Items from a data source:

---------------

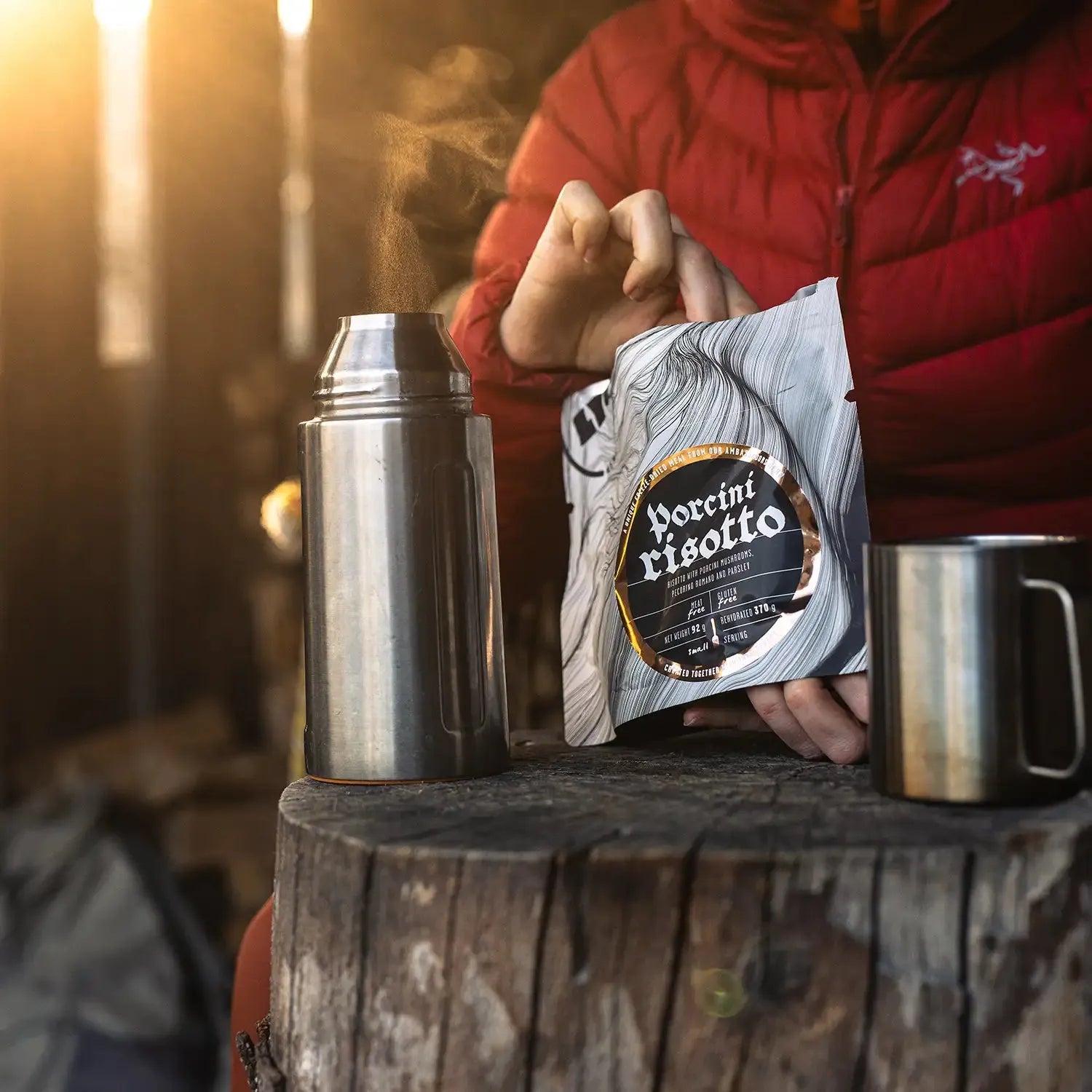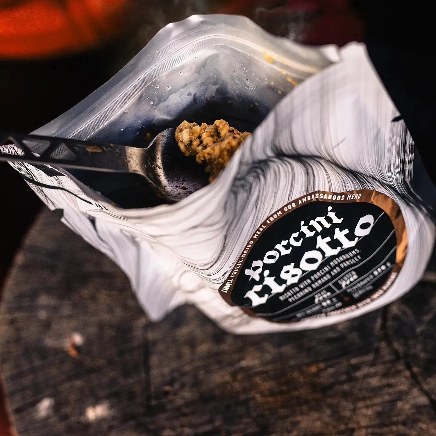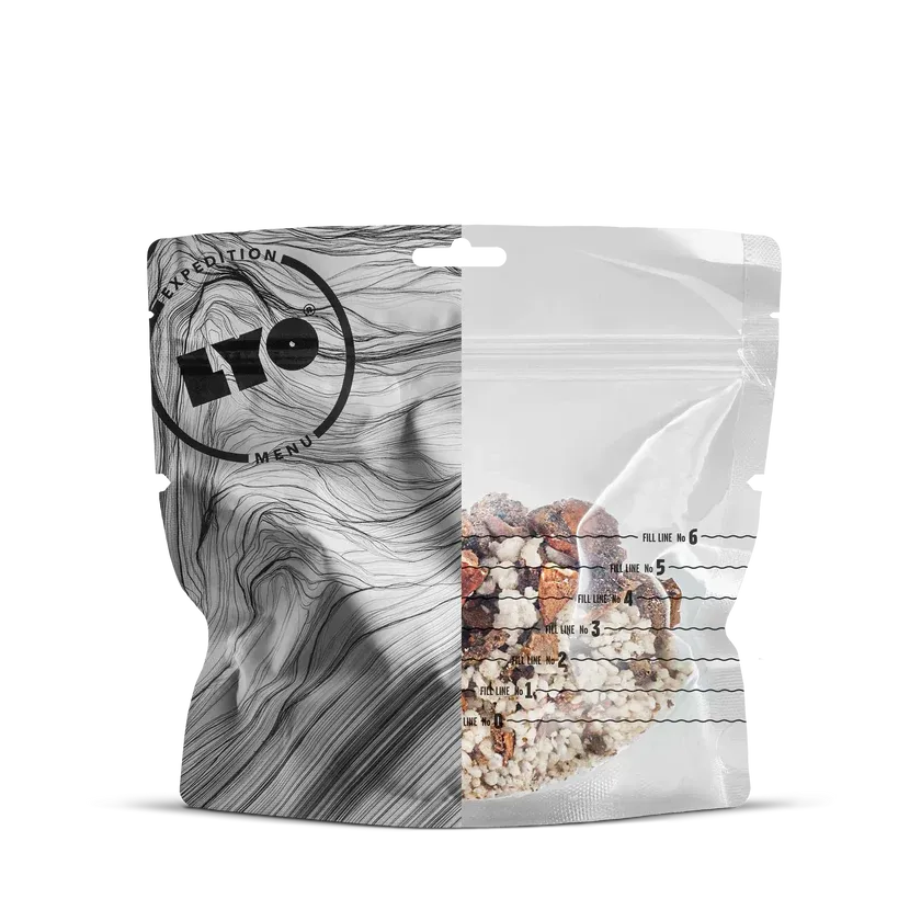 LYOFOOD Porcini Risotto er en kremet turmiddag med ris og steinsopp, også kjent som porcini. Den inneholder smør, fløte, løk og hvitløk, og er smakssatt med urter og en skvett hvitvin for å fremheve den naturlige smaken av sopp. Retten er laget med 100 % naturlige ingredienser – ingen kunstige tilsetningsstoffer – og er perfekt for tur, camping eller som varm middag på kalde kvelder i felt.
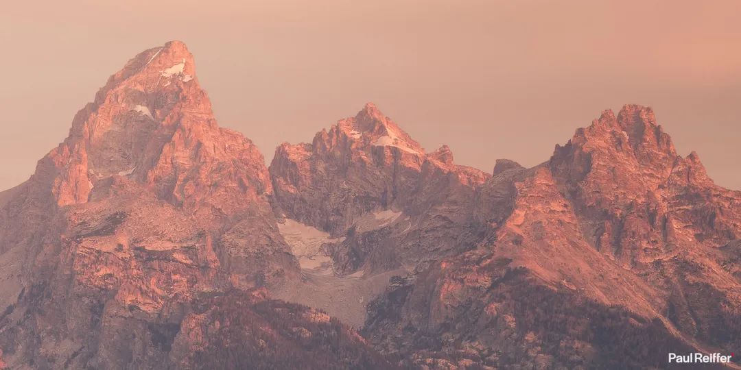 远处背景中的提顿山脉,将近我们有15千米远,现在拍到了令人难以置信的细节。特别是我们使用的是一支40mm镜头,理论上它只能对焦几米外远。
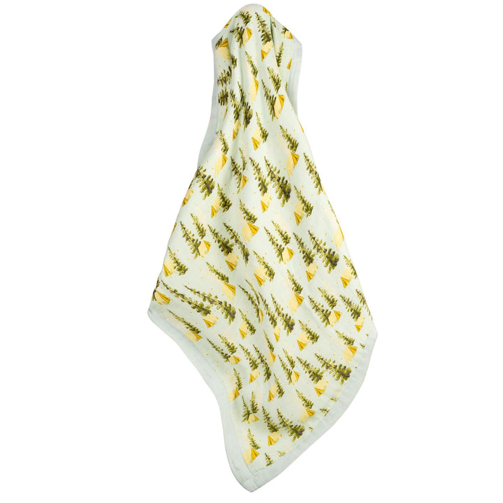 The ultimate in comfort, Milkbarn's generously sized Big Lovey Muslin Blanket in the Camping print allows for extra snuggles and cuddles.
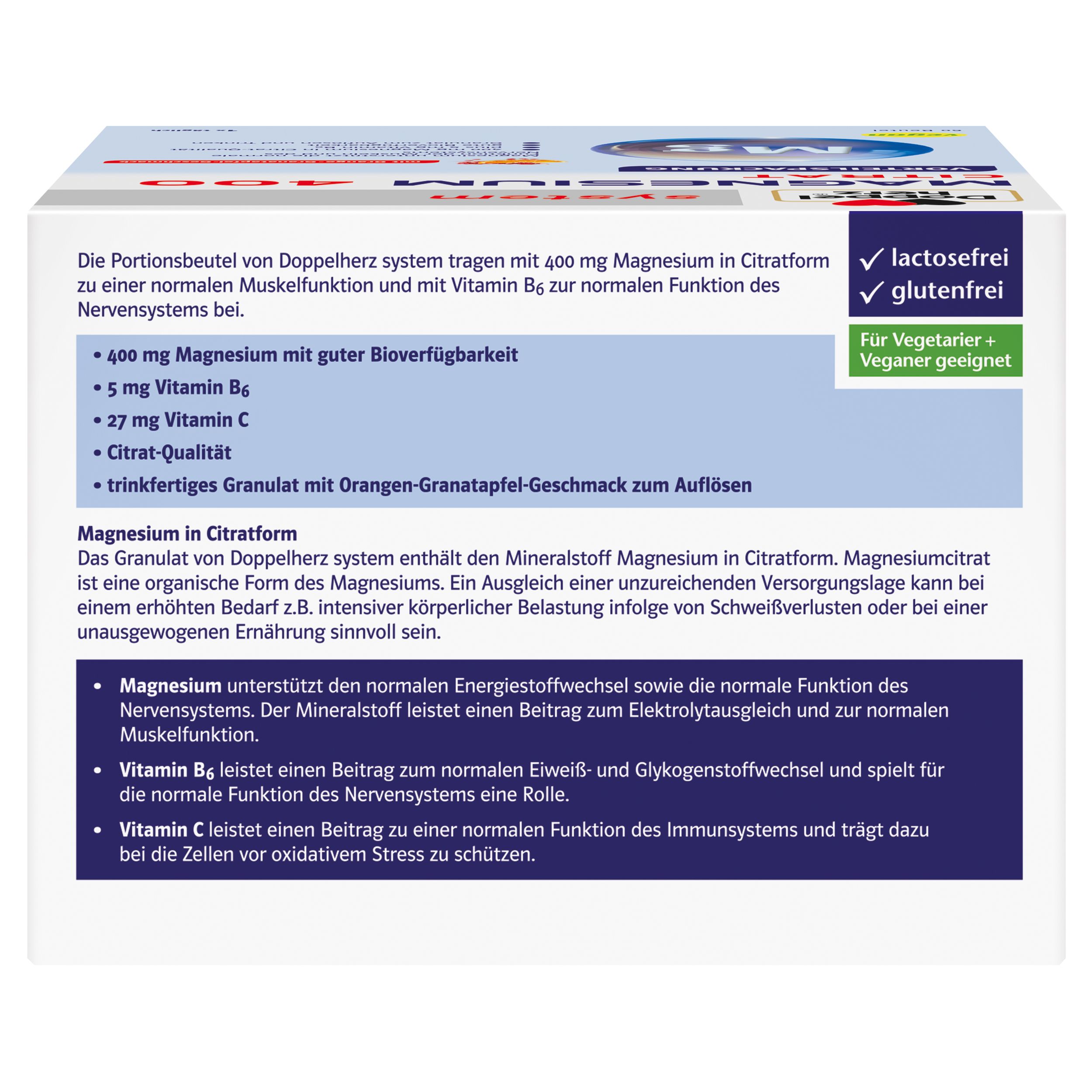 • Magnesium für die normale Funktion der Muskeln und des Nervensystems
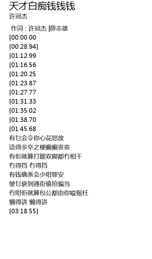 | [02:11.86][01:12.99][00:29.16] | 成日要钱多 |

---------------

WHAT THE TASK ASKS
Once the pictures are removed, write out all of the entries above exactly.

RESPONSE BOX
 LYOFOOD Porcini Risotto er en kremet turmiddag med ris og steinsopp, også kjent som porcini. Den inneholder smør, fløte, løk og hvitløk, og er smakssatt med urter og en skvett hvitvin for å fremheve den naturlige smaken av sopp. Retten er laget med 100 % naturlige ingredienser – ingen kunstige tilsetningsstoffer – og er perfekt for tur, camping eller som varm middag på kalde kvelder i felt.
 远处背景中的提顿山脉,将近我们有15千米远,现在拍到了令人难以置信的细节。特别是我们使用的是一支40mm镜头,理论上它只能对焦几米外远。
 The ultimate in comfort, Milkbarn's generously sized Big Lovey Muslin Blanket in the Camping print allows for extra snuggles and cuddles.
 • Magnesium für die normale Funktion der Muskeln und des Nervensystems
 | [02:11.86][01:12.99][00:29.16] | 成日要钱多 |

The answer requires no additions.